Çevrede çocukların olması  her şeyi unutturuyor.

  - Affedersiniz.

  Bakınıyordum.

  - Önemli değil.

  Kendini evinde farz et.

  Bu babanız mı, efendim?

  Sizinle gurur duyuyordur.

  - FBI.

  En iyi Sovyet analisti.

  - Bilmem.

  Babam pek kolay   etkilenen bir adam değildi.

  Doktor olmamı istiyordu.

  16 yaşına girdiğimde ehliyet sınavımda hile yaptı.

  Sınavdaki görevliyle anlaşmış.

  Geçmeniz için mi?

  Kalmam için.

  Beni güçlendireceğini düşünmüş.

  Bunu ben de yapıyorum sanırım.

  İnsanları test ediyorum.

  Hem de gereğinden sık.

  Kahretsin!

  Neredeyse unutuyordum.

  Sana bir hediyem var.

  Parkinson hakkında bulabildiğim her şey burada.

  Dün gece indirdim.

  Son yıllarda bayağı gelişme sağlanmış.

  Bilgin var mıydı bilmiyorum.

  Ailenizde Parkinson olan var mı?

  Hayır.

  Tanrıya şükür, hayır.

  Efendim, bence sizi yanlış anlıyorlar.

  Öyle mi, kimler?

  Öncelikle, pencereli ofisleri dağıtanlar.

  Sorun değil.

  Sanırım o konuda biraz fazla gürültü ettim.

  Yakında emekli olacağım zaten, pencere ne işime yarar ki?

  İki ay içinde 57 olacağım, zorunlu emeklilik yaşı.

  Hayır, önemli değil.

  Zamanı geldi.

  Orada yüz yıl daha kalsam bile   yine de fark edilmeyeceğim.

  Avantajlar, oyunu kuralına göre oynayanlara gider.

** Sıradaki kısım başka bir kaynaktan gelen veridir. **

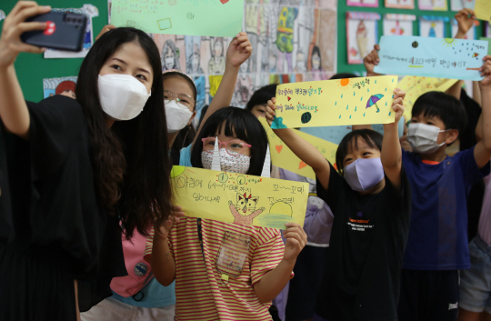 20일 광주 북구 문정초에서 3학년 학생들이 여름방학 동안에 할 자신의 약속을 적은 종이를 들고 선생님과 사진을 찍고 있다.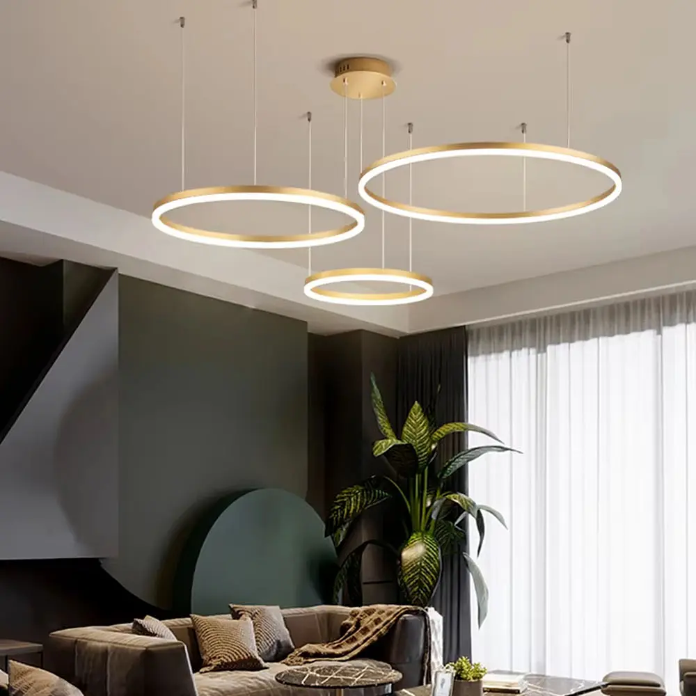 Современная люстра на три кольца в латунном каркасе представлена в двух размерах колец. 80+60+40 см, мощность 140 Вт (70 Вт теплое и холодное) 60+50+40 см, мощность 115 Вт (60 Вт теплый и холодный свет) Люстра имеет три световых режима, которые включаются последовательно: холодный, теплый, нейтральный. Особенностью данной модели есть возможность регулировать высоту и выставлять желаемое положение колец. Они могут размещаться на разной высоте друг относительно друга, создавая свою уникальную световую композицию. Цвет основы: 80 Серия: 9009 Размер потолочной основы: 17х4 см Цветовая температура: 3000K,4500K,6500K Максимальная высота: 125 см Минимальная высота: 20 см Материал основы: Металллл Размер монтажной планки: 10 см Тип крепления: Монтажная планка, 6 металлических тросов Мощность (Вт): 115 w

  Politik davrananlara  Midemin bunu kaldırmadığını uzun zaman önce fark ettim.

  Ama portremi "25 sene hizmet verenler" duvarına astırdım.

  Bu da bir şeydir.

  Aslında hiç bir şey fark etmiyor, değil mi?

  Başkalarının yargıları.

  Ben yaptıklarımı biliyorum.

  - Sorun nedir?

  - Bu adamla ilgili kanıtları görmem lazım.

  - Anlamadım?

  - Internet mesajları, e-postaları  Tüm dosyanızı.

  - Neden?

  - Çünkü bence eliniz boş.

  Sana onları okuyabilirim.

  Bunu yapmaya yetkim var.

  - Ama bu sadece seni risk altına sokar.

  - Ne riski?

  Bütün bunlar ne demek oluyor?

  Adam içki içmiyor, pis şakalar yapmıyor.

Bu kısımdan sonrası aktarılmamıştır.